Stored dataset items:
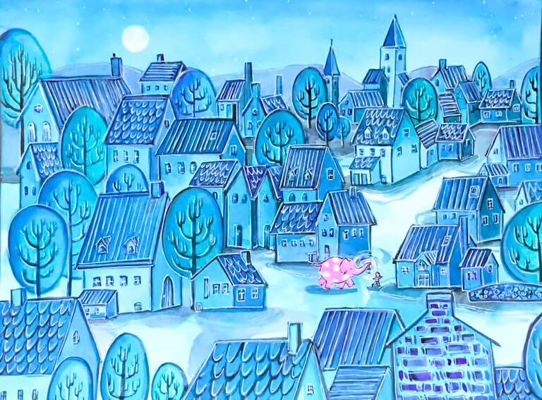 Let your imagination go wild . Imagining an evening stroll through the town with a pink polka dotted elephant.
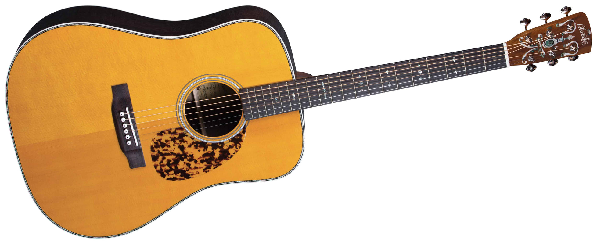 This prewar inspired Herringbone dreadnaught has it all. The BR-160’s great sound and great looks are just part of what will make it one of the more desirable vintage-style acoustic guitars in production today. It starts with a solid Sitka spruce top and hand-carved parabolic top braces that respect the prewar forward x-pattern. Quality Santos rosewood back and sides add a strong bass to the spruce top’s already full sound. The slim mahogany neck is comfortable and features a dovetail neck joint and adjustable truss rod. Beautiful appointments include a Dalmatian tortoise-style pickguard and mother-of-pearl neck and headstock inlays.
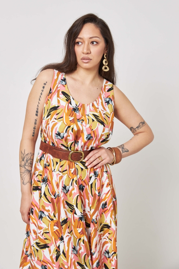 Свободный сарафан макси трапециевидного силуэта с цельнокроеными бретелями.
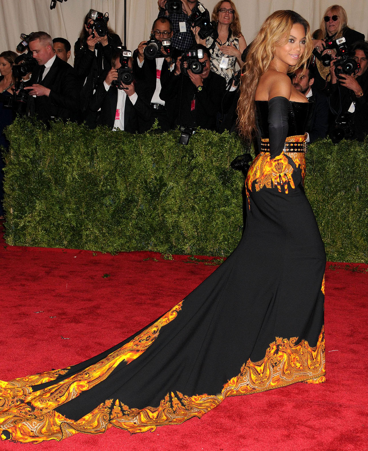 La madrina del evento, Beyoncé, cerraba la pasarela con un palabra de honor negro y fuego de Riccardo Tisci, más en consonancia con su habitual look de pantera del Rythim and Blues que con el movimiento underground de los setenta y ochenta.
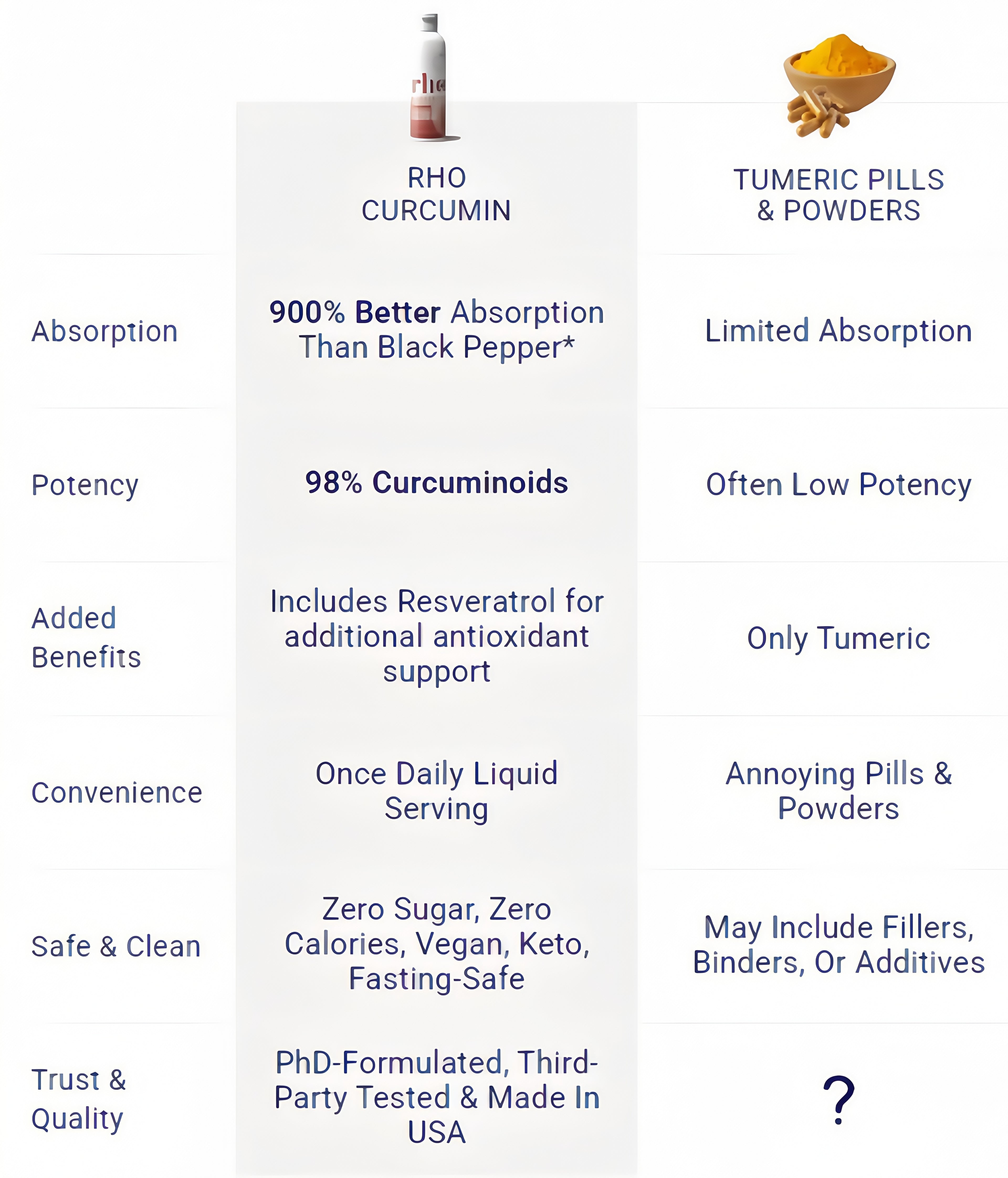 Rho Curcumin + Resveratrol is Vegan, has Zero Calories and is free from: Sugar, Dairy, Gluten, GMOs, Soy, Nuts, Corn, Additives, Coloring.
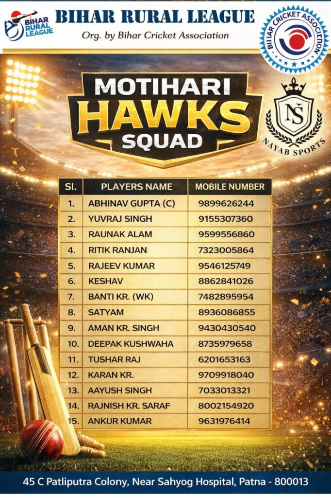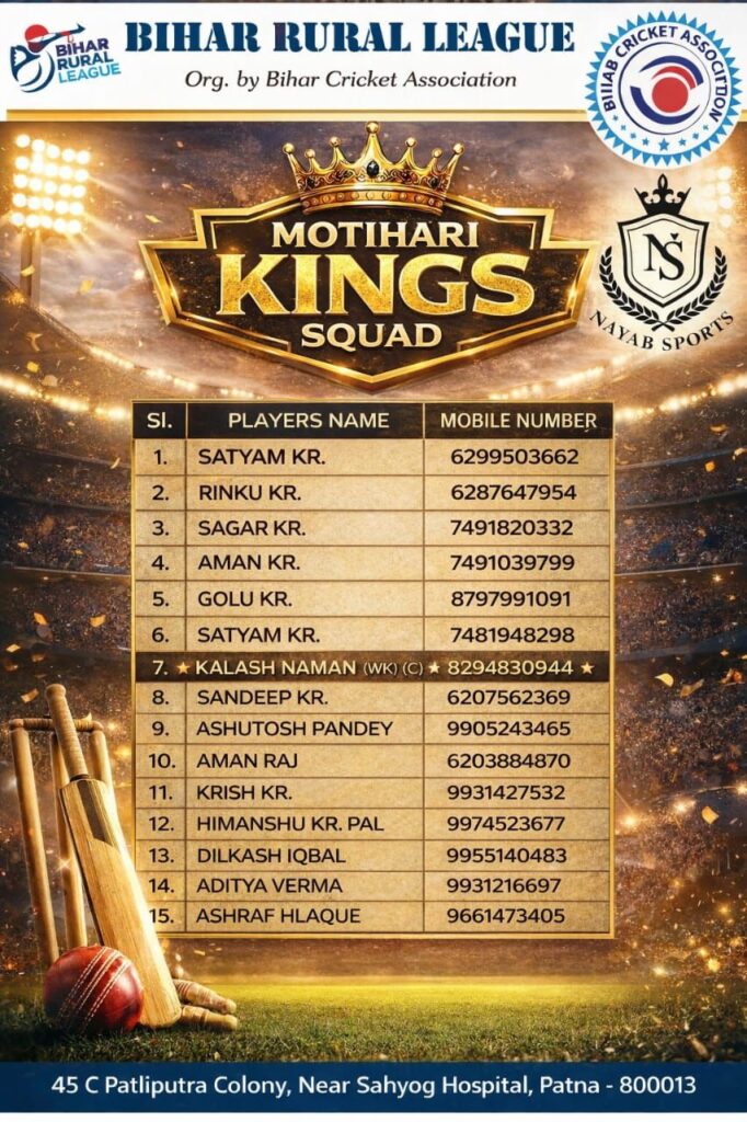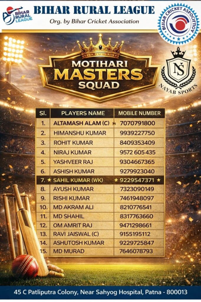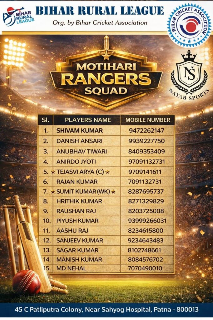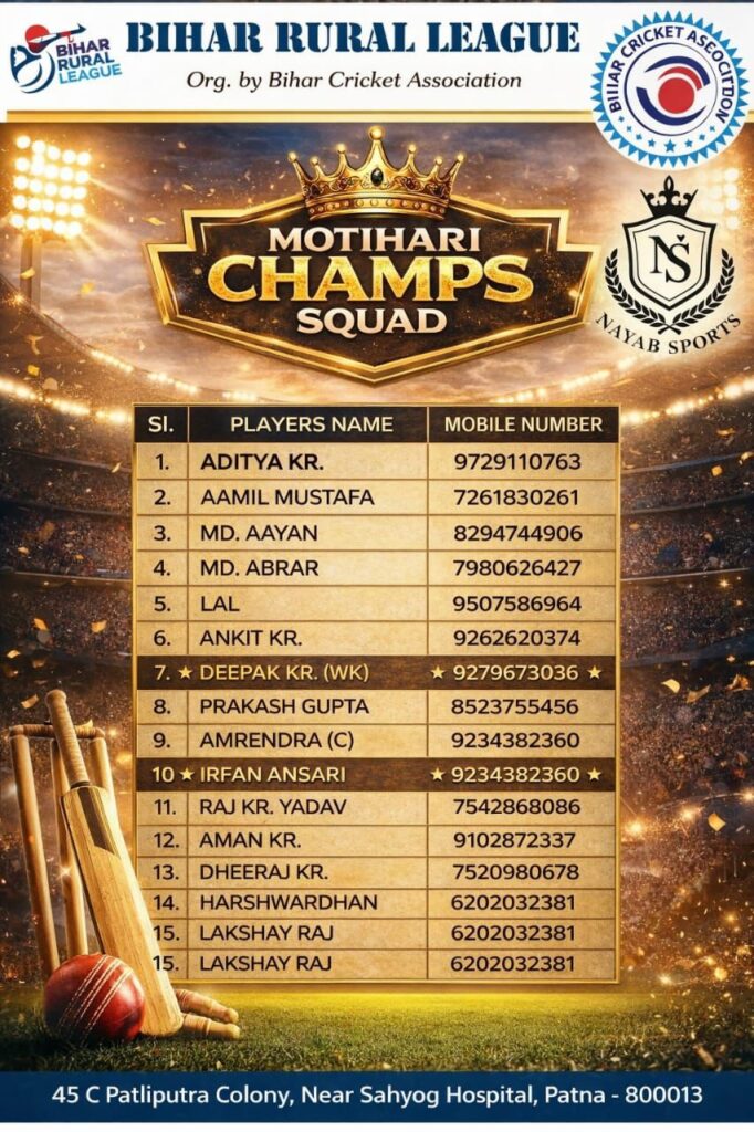 उन्होंने बताया कि शेष 11 टीमों की घोषणा एक सप्ताह के भीतर कर दी जाएगी। इस प्रकार मोतिहारी ज़िले से कुल 16 टीमें बिहार रूरल लीग में भाग लेंगी, जो जिले के ग्रामीण क्रिकेट के लिए एक बड़ी उपलब्धि मानी जा रही है।
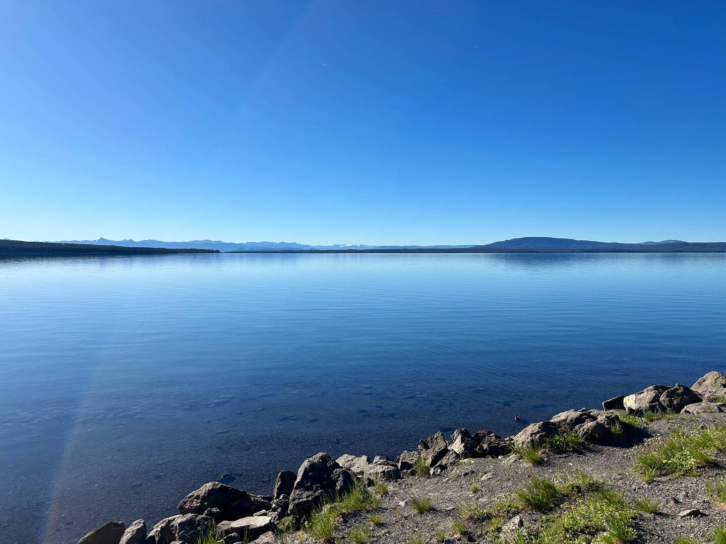 Vi smurte endnu engang sandwich i bilen. SÅ fornuftigt og 20 gange bedre end det “crab” man kan købe i parken. Og havregrød + appelsin juice til morgenmad. Vi må jo sparre lidt😉. Vejen ud af Yellowston i dag beskrev Theodore Roosevelt som USA’s smukkeste. Jeg giver ham ret! Ved siden af søen og floden og over et bjerg til cowboy og indianer land😵🤠🏜️🏔️ Røde bjerge og kæmpe vidder.

_What the exercise asks_
Please restate the entries word for word, with all pictures left out.

_Final answer_
 Let your imagination go wild . Imagining an evening stroll through the town with a pink polka dotted elephant.
 This prewar inspired Herringbone dreadnaught has it all. The BR-160’s great sound and great looks are just part of what will make it one of the more desirable vintage-style acoustic guitars in production today. It starts with a solid Sitka spruce top and hand-carved parabolic top braces that respect the prewar forward x-pattern. Quality Santos rosewood back and sides add a strong bass to the spruce top’s already full sound. The slim mahogany neck is comfortable and features a dovetail neck joint and adjustable truss rod. Beautiful appointments include a Dalmatian tortoise-style pickguard and mother-of-pearl neck and headstock inlays.
 Свободный сарафан макси трапециевидного силуэта с цельнокроеными бретелями.
 La madrina del evento, Beyoncé, cerraba la pasarela con un palabra de honor negro y fuego de Riccardo Tisci, más en consonancia con su habitual look de pantera del Rythim and Blues que con el movimiento underground de los setenta y ochenta.
 Rho Curcumin + Resveratrol is Vegan, has Zero Calories and is free from: Sugar, Dairy, Gluten, GMOs, Soy, Nuts, Corn, Additives, Coloring.
 उन्होंने बताया कि शेष 11 टीमों की घोषणा एक सप्ताह के भीतर कर दी जाएगी। इस प्रकार मोतिहारी ज़िले से कुल 16 टीमें बिहार रूरल लीग में भाग लेंगी, जो जिले के ग्रामीण क्रिकेट के लिए एक बड़ी उपलब्धि मानी जा रही है।
 Vi smurte endnu engang sandwich i bilen. SÅ fornuftigt og 20 gange bedre end det “crab” man kan købe i parken. Og havregrød + appelsin juice til morgenmad. Vi må jo sparre lidt😉. Vejen ud af Yellowston i dag beskrev Theodore Roosevelt som USA’s smukkeste. Jeg giver ham ret! Ved siden af søen og floden og over et bjerg til cowboy og indianer land😵🤠🏜️🏔️ Røde bjerge og kæmpe vidder.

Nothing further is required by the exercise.